Ей было трудно говорить. Слезы не переставали катиться из ее красных глаз по распухшему от рыданий лицу, сопли густым потоком стекали из носа по губам к подбородку, сливаясь со слезами и капая на когда-то белую блузку. Лицо, так же как и руки с одеждой, было в крови, которую она размазывала в попытках отереться. Джиллиан развалилась на полу в этой грязи, а я едва ли понимал половину слов, что она говорила. Кричала. Выбрасывала из себя, выплевывала, выблевывала неразборчивым непрерывным потоком слов.

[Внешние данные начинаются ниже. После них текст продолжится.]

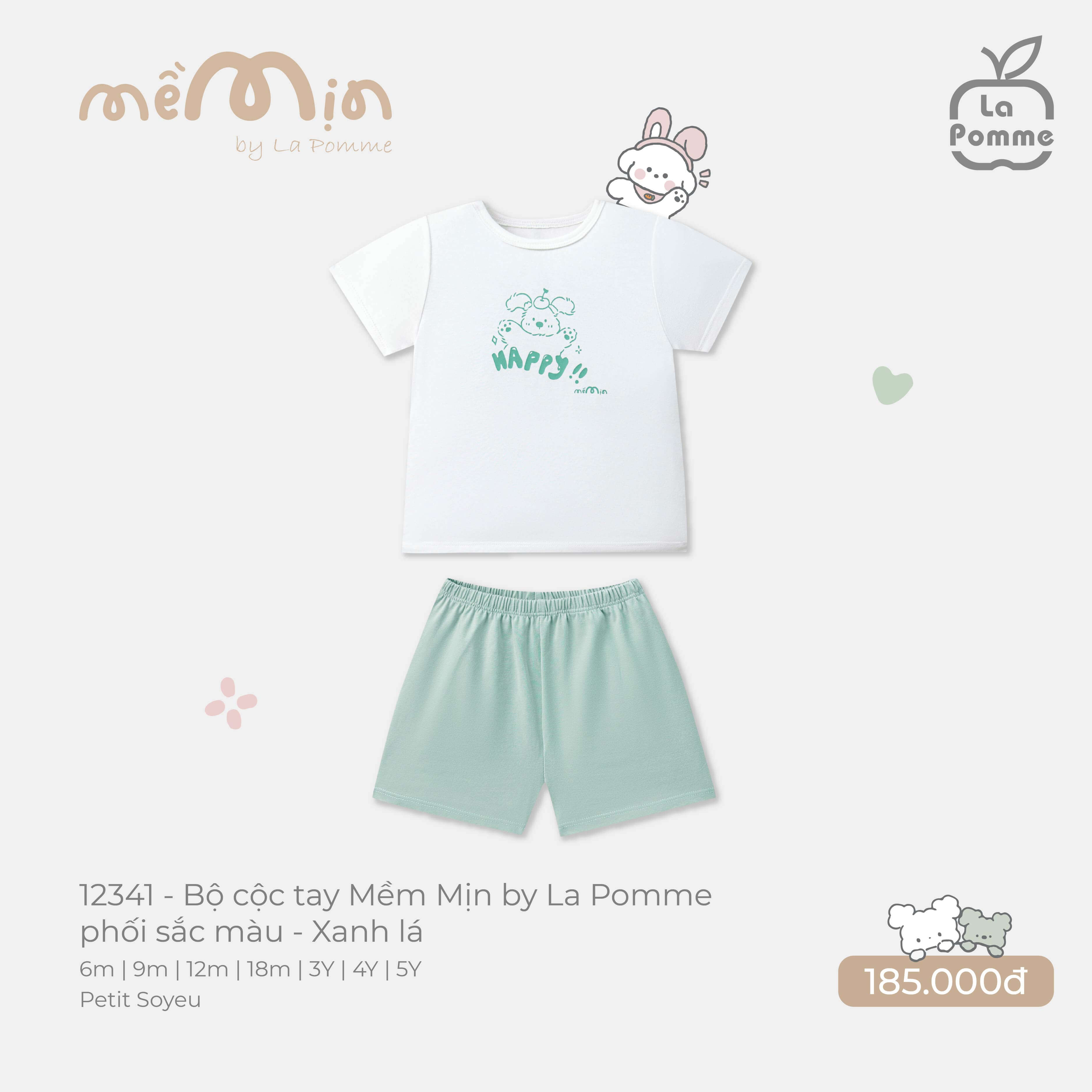 Bộ cộc tay Mềm Mịn by La Pomme phối sắc màu Xanh lá (6M,9M,12M,18M,3Y,4Y,5Y)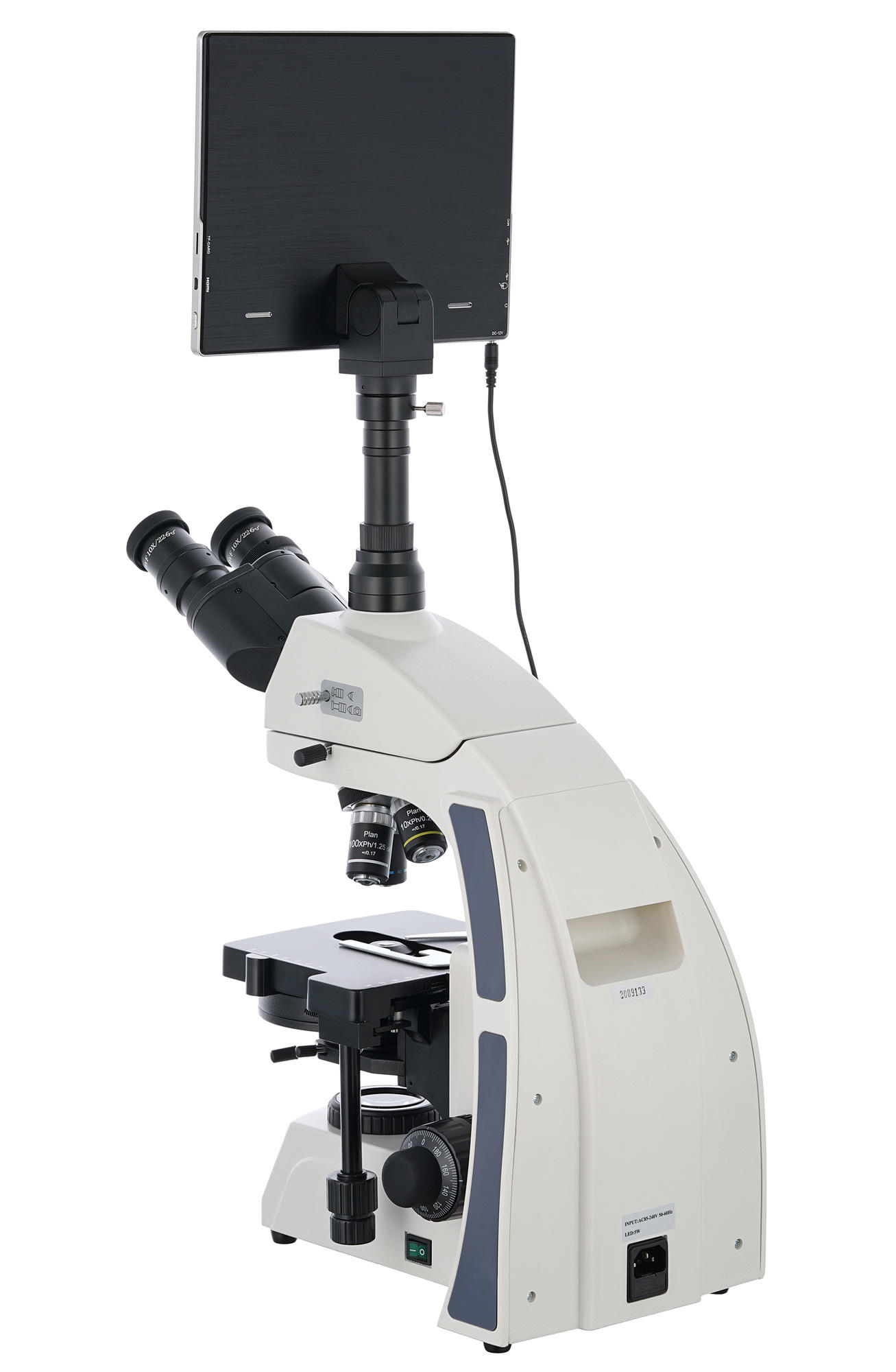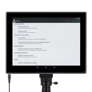 Цифровая камера делает работу в лаборатории легкой и удобной, так как позволяет вести исследования, смотря не в окуляры, а на встроенный ЖК-экран с сенсорным управлением, а это значительно снижает нагрузку на зрение. Камера позволяет снимать фото и видео и выводить картинку на встроенный или внешний экран. Она совместима с дополнительными аксессуарами: наушниками, компьютерной мышью, клавиатурой. Записывать материалы можно или во встроенную память, или на внешние накопители данных. С помощью установленного ПО можно корректировать размер, яркость, контрастность, гамму, резкость и насыщенность изображения, менять время выдержки и баланс белого, проводить калибровку камеры с объективами, измерять образцы или отдельные структуры (доступно несколько единиц измерения). Кроме того, программа позволяет проводить анализ частиц.
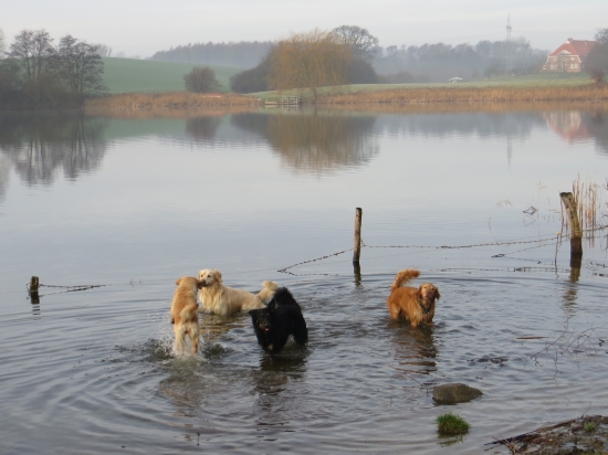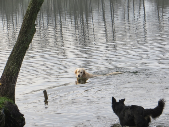 Die anderen Weicheier sind nur so ein bißchen durchs Wasser gehüpft, ich hingegen habe erst versucht ein paar freche Zaunpfosten aus dem Wasser zu zerren und bin dann ein Ründchen geschwommen – das ist Leidenschaft.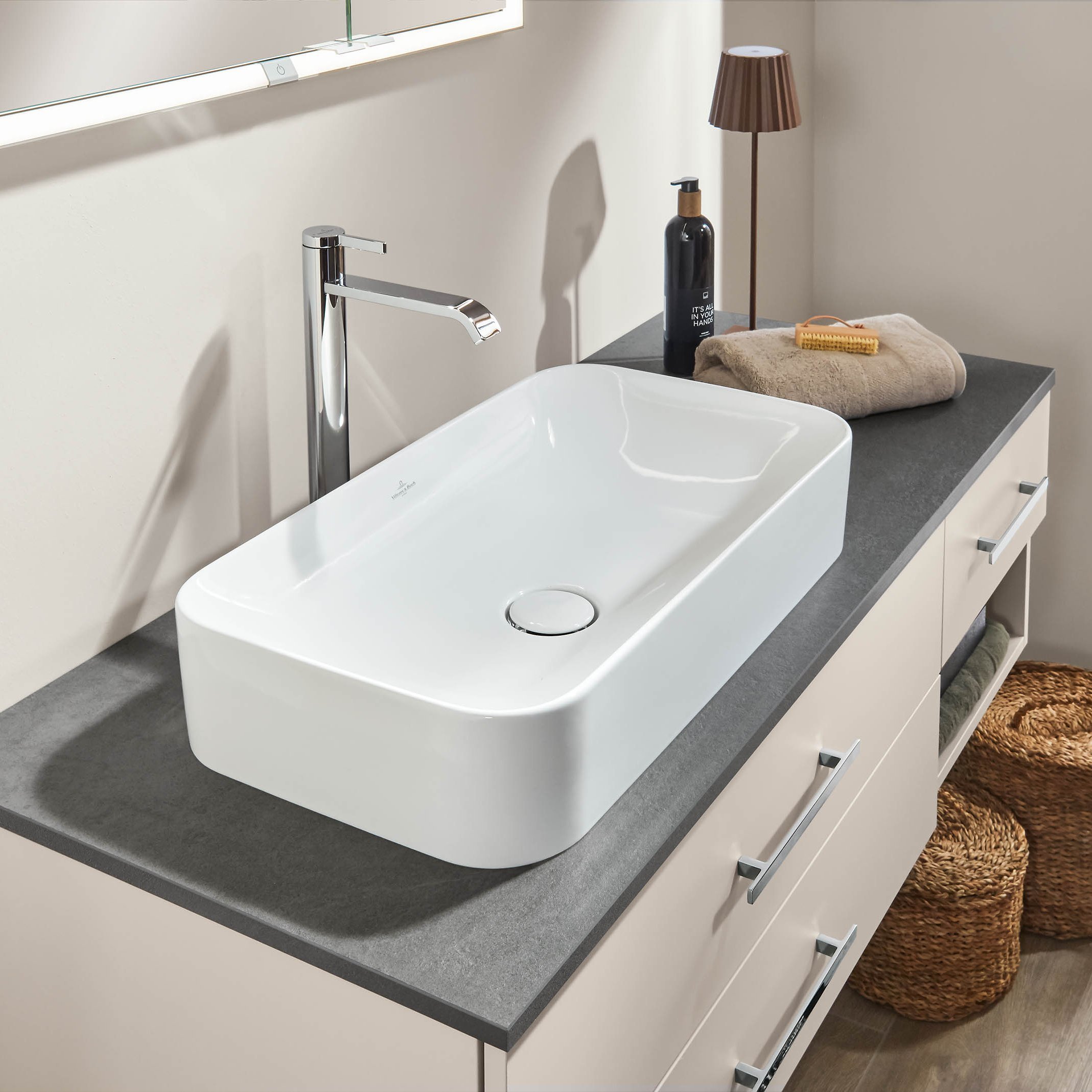 Das geräumige Solitärmöbel in Sandgrau-Matt und die gleichfarbige 2morrow Platte Classic ergänzen sich optimal. Die schwebende, asymmetrische Anordnung sorgt für Stauraum mit großzügigen Ablageflächen und erzeugt dabei eine Leichtigkeit, die durch den Reflection Lichtspiegel LUCA noch unterstützt wird. Zusammen mit platzsparenden Cubes in Kontrastfarbe entsteht eine moderne Badlösung.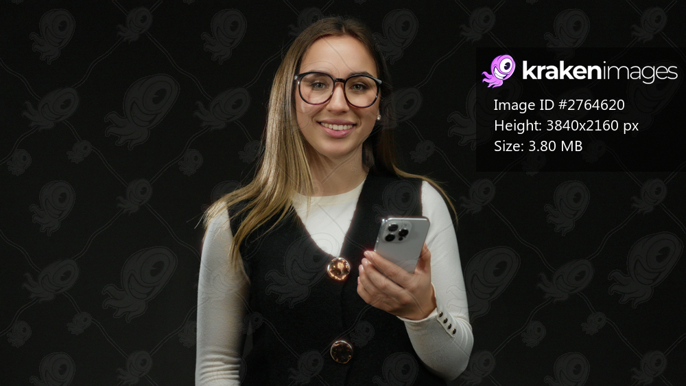 Young woman with glasses holding smartphone against dimly lit black background with a confident smile.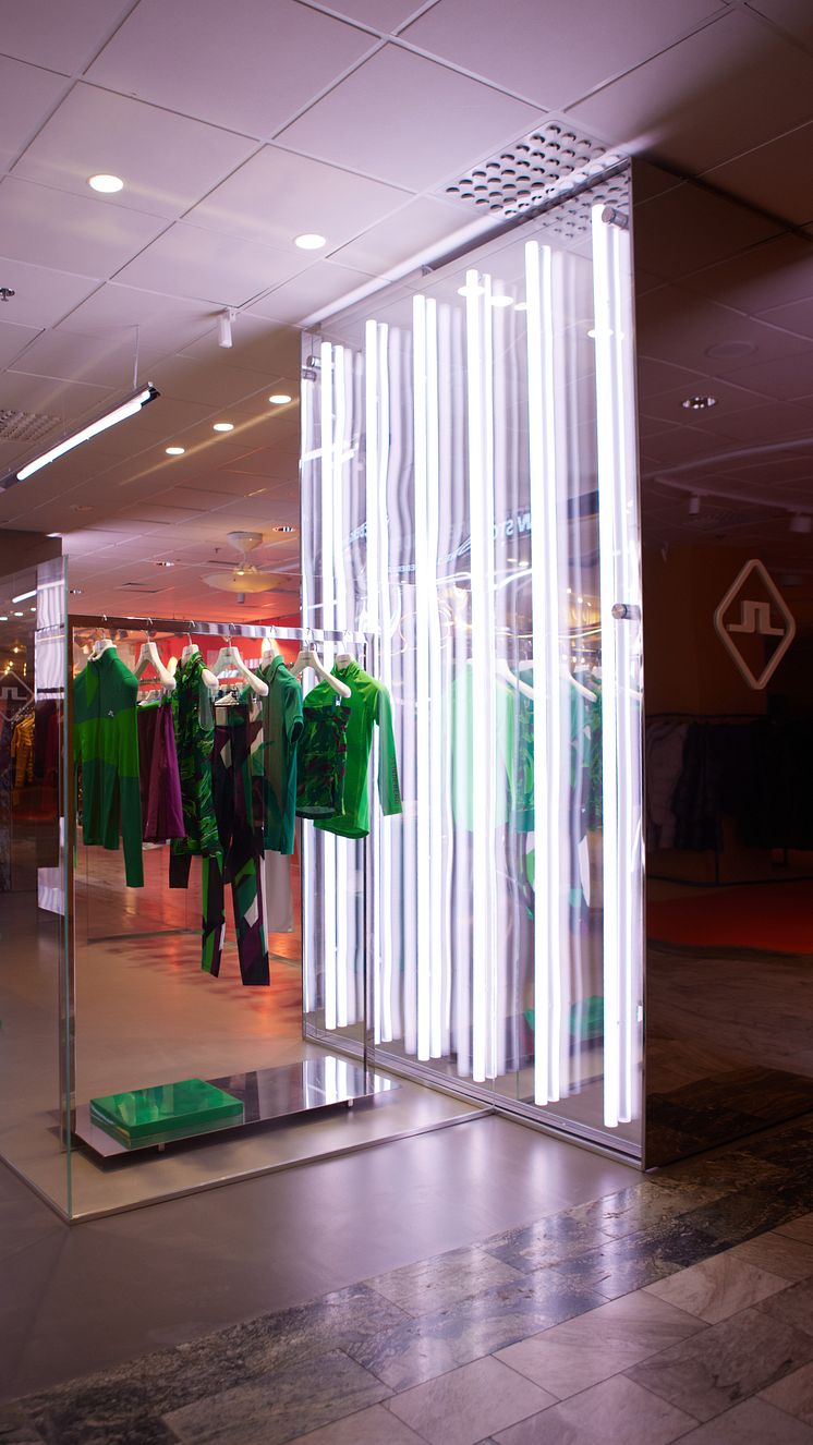 J.Lindebergs kommer erbjuda sportkollektioner för både män och kvinnor: Golf, Ski, Racket, Outdoor, Active och Athleisure. Ledorden för den 156 kvadratmeter stora ytan har varit futuristisk lyx. Materialvalen leker med kontraster, till exempel rå betong intill borstat stål och starka färger.

- Это ты виноват, Джон… ее смерть на твоих руках.
- Что ты сказала? Ты совсем рехнулась?
- Ты говорил, что само пройдет, что не надо вечно по врачам бегать. Твои слова, сукин ты сын? Ты убийца! Убийца!
Я влепил ей пощечину. Многие из вас не согласились бы с моими действиями. Мол, Джиллиан была в состоянии аффекта, не в себе. Мол, мне требовалось ее утешить, крепко обнять и все такое. Не сомневаюсь, вы бы так и поступили на моем месте. Но вы не на моем месте. В последний раз я был мной и я делал то, что делал. Не потому, что это правильно, а потому, что я по-настоящему возненавидел свою жену в тот момент. За что? Трудно сказать. За нытье, за грязь что она развела кругом, за эгоизм, за ее слова, за ее слабость, за мою слабость. За все и ни за что.
- Пошла ты нахуй, Джилл. Пошла ты нахуй, - сквозь зубы прошептал я, решив, что пора ехать в бар.
Джиллиан так и оставалась лежать на полу в ванной, когда я уходил. Прежде, чем сесть в машину я захватил банку пива из холодильника, чтобы не ехать натощак. Распивая банку, я успешно миновал несколько улиц и припарковался у ближайшего бара.
Внутри было сильно накурено, темно и душно. Сев у стойки, я заказал себе двойной виски. Справа какой-то амбал обхаживал молодую девку. Она была ничего – короткая юбка открывала вид на две тонкие и длинные ножки. Когда здоровяк заметил, на что нацелен мой взгляд, он стал смотреть мне в глаза. А я в его.
- Тебе чего? - подойдя ко мне, пробасил верзила.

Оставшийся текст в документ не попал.